| Entries supplied |
^^^^^^^^

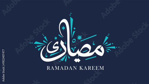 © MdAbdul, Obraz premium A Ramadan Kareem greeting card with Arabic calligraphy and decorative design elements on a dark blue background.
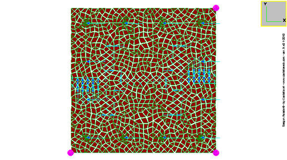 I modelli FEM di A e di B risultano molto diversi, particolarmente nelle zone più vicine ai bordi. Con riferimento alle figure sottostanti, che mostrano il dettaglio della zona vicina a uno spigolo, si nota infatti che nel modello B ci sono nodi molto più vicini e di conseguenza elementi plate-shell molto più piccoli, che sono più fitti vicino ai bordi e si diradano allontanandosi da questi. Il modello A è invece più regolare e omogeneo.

^^^^^^^^

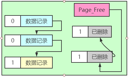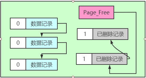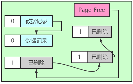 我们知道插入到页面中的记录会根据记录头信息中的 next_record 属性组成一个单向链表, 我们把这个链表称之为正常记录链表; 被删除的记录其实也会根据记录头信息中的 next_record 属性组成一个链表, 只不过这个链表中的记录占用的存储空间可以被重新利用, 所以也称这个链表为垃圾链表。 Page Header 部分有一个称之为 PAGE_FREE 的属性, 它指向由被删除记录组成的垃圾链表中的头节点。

^^^^^^^^

| Exercise brief |
Please output, exactly as written, the lines above from the one holding "dark blue background." through the one holding "I modelli FEM", both included, with the pictures omitted.

| Your solution |
 © MdAbdul, Obraz premium A Ramadan Kareem greeting card with Arabic calligraphy and decorative design elements on a dark blue background.
 I modelli FEM di A e di B risultano molto diversi, particolarmente nelle zone più vicine ai bordi. Con riferimento alle figure sottostanti, che mostrano il dettaglio della zona vicina a uno spigolo, si nota infatti che nel modello B ci sono nodi molto più vicini e di conseguenza elementi plate-shell molto più piccoli, che sono più fitti vicino ai bordi e si diradano allontanandosi da questi. Il modello A è invece più regolare e omogeneo.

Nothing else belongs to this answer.